Thomas Motyka, D.O. is a colleague with specific research interest in osteoarthritis and DPT research; he reviewed the manuscript, provided editorial input and, with his access to animal research, perspective on how these findings would impact animal basic science research.    

Statistics and Physiology: Chin-I Cheng, Ph.D., analyzed data and provided analysis of the nature of dextrose concentration curve types, and writing of statistical method sections and result sections related to curve modeling. Ian Thornell, Ph.D., ion transport specialist was located after primary data was gathered and provided invaluable information from the perspective of order of reactions, kinetics of GLUT transporters, the effects of osmolar differences, and synovial membrane diffusion characteristics that could explain the effects we saw on dextrose concentrations.

Data interpretation, Academic Writing:  David Rabago, M.D. of Penn State University provided scientific oversight, data interpretation, editorial or original writing on all parts of the manuscript.

Comment 11: The one small redeeming factor is that this is a difficult study to perform from ethical consideration and obtaining a consenting subject.

Response 11: Thank you. This was also more fully addressed previously (See Item 1).

Reviewer 2 Report

Comments and Suggestions for Authors

Dear Author

Your manuscript title, "Rapid decrease in dextrose concentration after intra-articular knee injection: Implications for mechanism of action of dextrose prolotherapy and concentration based finding" is a study on patient-based research work about the action of dextrose prolotherapy. 

The abstract has been written well with focus objectives

The introduction also organised a good compilation of relevant data.

Material and methods: Does the lead (first) author also have a patient?

Result: The result also has very interesting and exciting outcomes.

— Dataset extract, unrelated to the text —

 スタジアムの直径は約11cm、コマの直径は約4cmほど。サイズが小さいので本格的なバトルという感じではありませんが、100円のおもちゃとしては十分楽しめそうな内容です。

Limitation: The authors also mention the limitations as well

References: all references are relevant.

Author Response

Comment 1: The abstract has been written well with focus objectives

Response 1: Thank you.

Comment 2: The introduction also organized a good compilation of relevant data.

Response 2: Thank you.

Comment 3: Material and methods: Does the lead (first) author also have a patient?

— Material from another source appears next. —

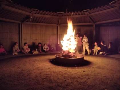 キャンプファイヤーの大きな火を囲むと、「火」のもつ明るさ、暖かさなど、野外炊事のとき以上に、より強く感じることができます。

Response 3: No. The lead author was the study participant in this N-of-1 study, which followed ethical and administrative standards of human subjects research. See Item 1, Reviewer 1.

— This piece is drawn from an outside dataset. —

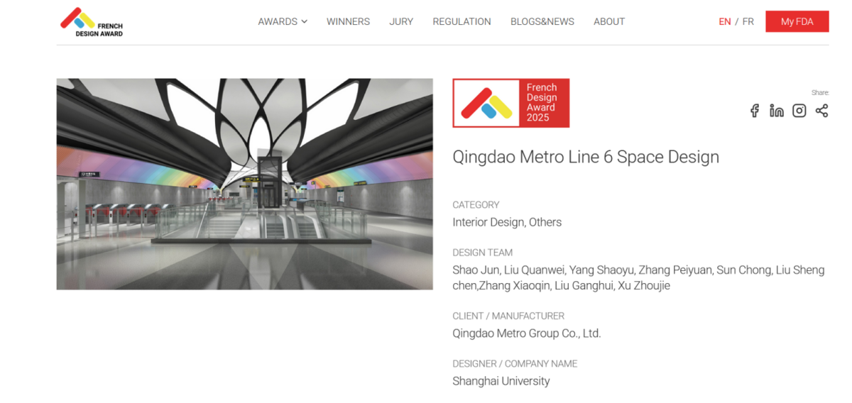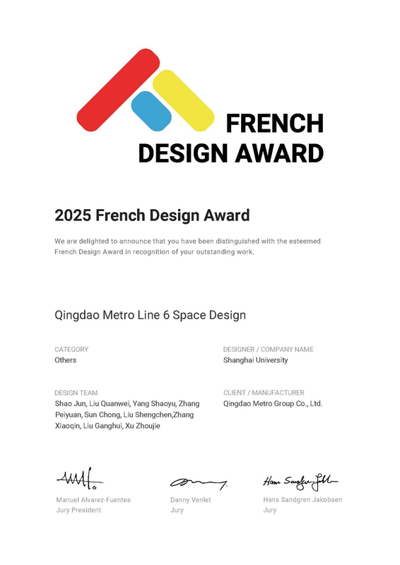 青岛日报社/观海新闻12月15日讯 近日,青岛地铁建设6号线一期工程空间一体化设计,凭借出色的创意表达与深厚的文化内涵,荣获2025年法国设计奖(French Design Awards)。截至目前,6号线一期工程已累计获得多项国内外重要奖项,其中包括国际隧道和地下空间协会(ITA)“超越工程奖”、美国缪斯设计奖(MUSE Design Awards)、亚太经合组织(APEC)公共交通科技创新竞赛新成果。此次法国设计奖是该项目获得的第4个国际奖项,进一步彰显了青岛地铁在轨道交通设计方面成果与实力。

Comment 4: Result: The result also has very interesting and exciting outcomes.

Response 4: Thank you.

Comment 5: Limitation: The authors also mention the limitations as well

Response 5: Thank you.

Comment 6: References: All references are relevant.

Response 6: Thank you.

Round 2

Reviewer 1 Report

Comments and Suggestions for Authors

The revised manuscript has taken out some of the unnecessary and redundant figures.  The manuscript probably also could do without fig 2 which presents the same data as in Table 1 and summary of combined data is shown in an additional figure.

Author Response

Comment 1:  The revised manuscript has taken out some of the unnecessary and redundant figures.  The manuscript probably also could do without fig 2 which presents the same data as in Table 1 and summary of combined data is shown in an additional figure.

Response 1:     We respectfully suggest retaining both figures because Figures 2 and 3 serve different purposes and reveal different aspects of the data. Figure 2 confirms how closely each dextrose concentration curve approximated the mathematical best fit pattern, which was either an s curve or an exponential pattern.  Figure 3 combined all data to indicate how data fit to a formulaic rate law; data indicated a 3rd order pattern of decline. Thus, figure 2 confirmed that dextrose concentration decline was rapid within each trial, and figure 3 indicated that more than two factors are required to explain the pattern of decline across all trials. Both figures have merit in our view. Please let us know if this clarification meets with your approval. If not, we are willing to discuss further. Thanks for this stimulating consideration of the data.